Task description: What is needed is an exact copy of the lines in the entries below from the one holding "AKFLEXCAP-CB Flexfit Trucker Hat" through the one holding "Here we are", pictures excluded.

Excerpted records:
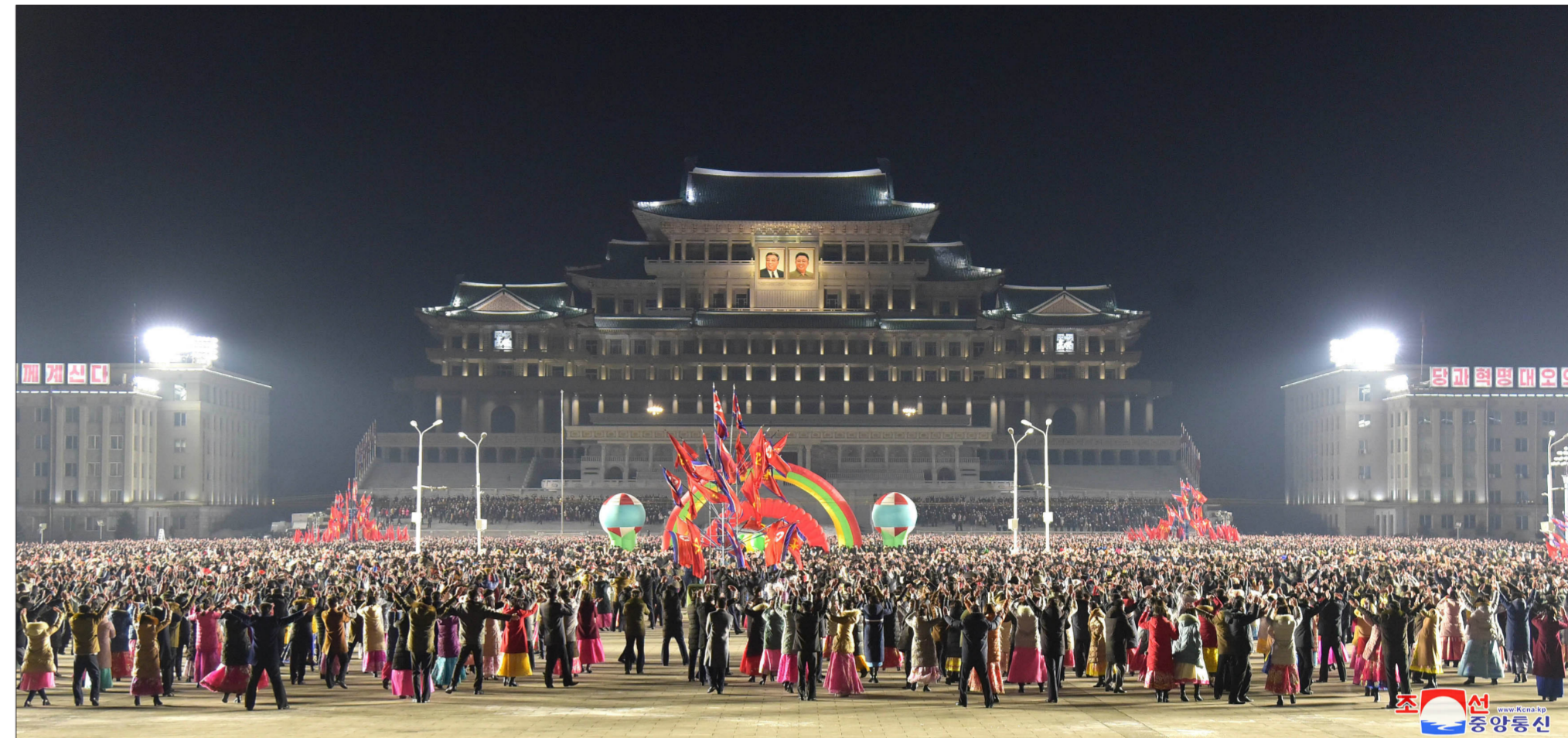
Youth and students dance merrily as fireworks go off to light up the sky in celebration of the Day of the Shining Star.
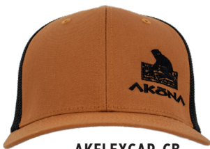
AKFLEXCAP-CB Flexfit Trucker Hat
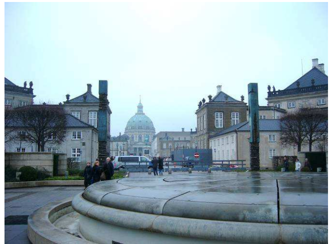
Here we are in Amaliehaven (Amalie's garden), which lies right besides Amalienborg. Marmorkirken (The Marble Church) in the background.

==

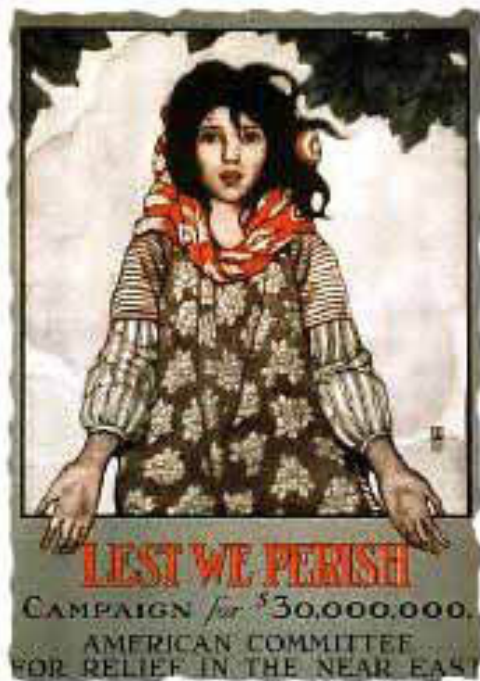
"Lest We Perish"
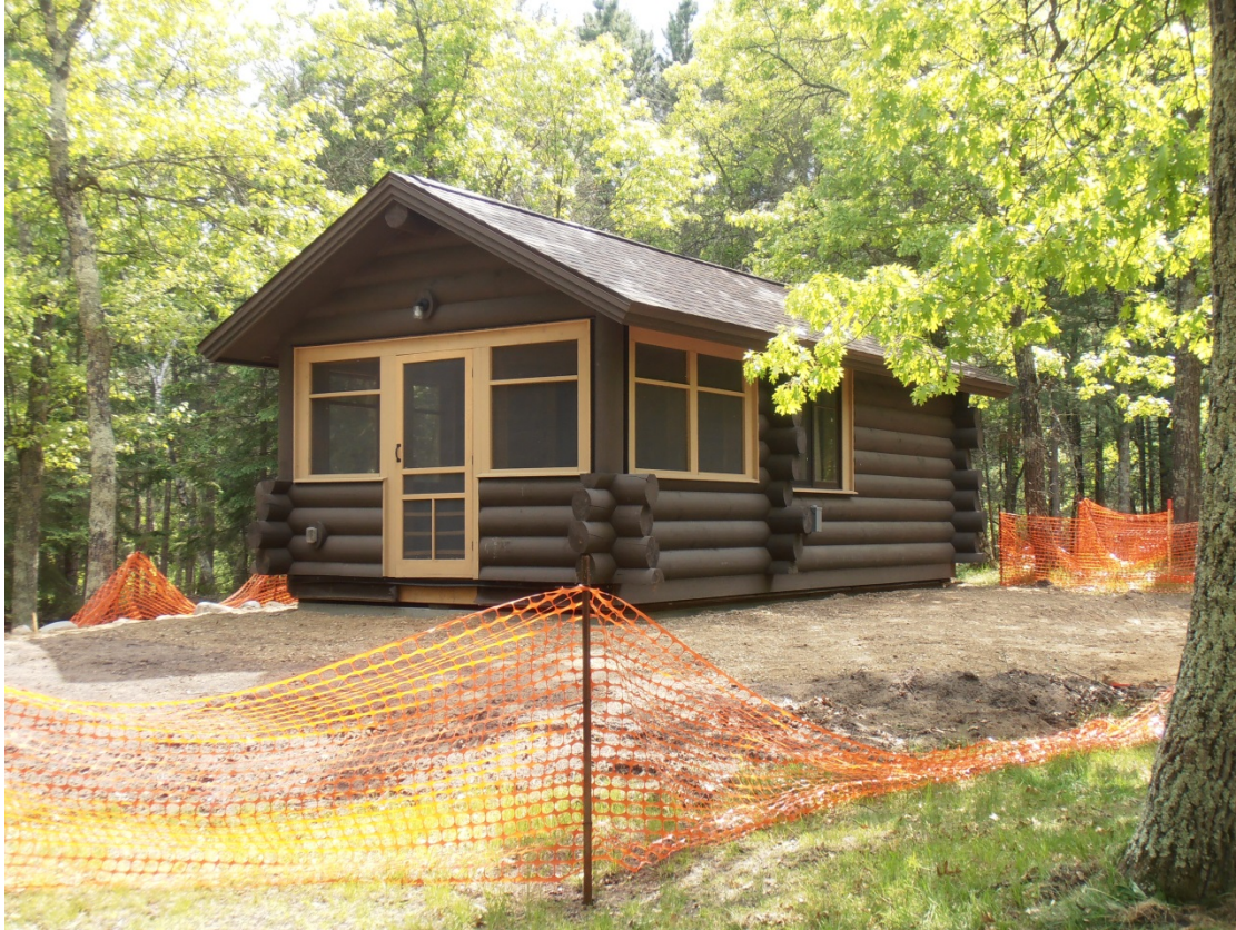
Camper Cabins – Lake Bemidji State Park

Result:
AKFLEXCAP-CB Flexfit Trucker Hat
Here we are in Amaliehaven (Amalie's garden), which lies right besides Amalienborg. Marmorkirken (The Marble Church) in the background.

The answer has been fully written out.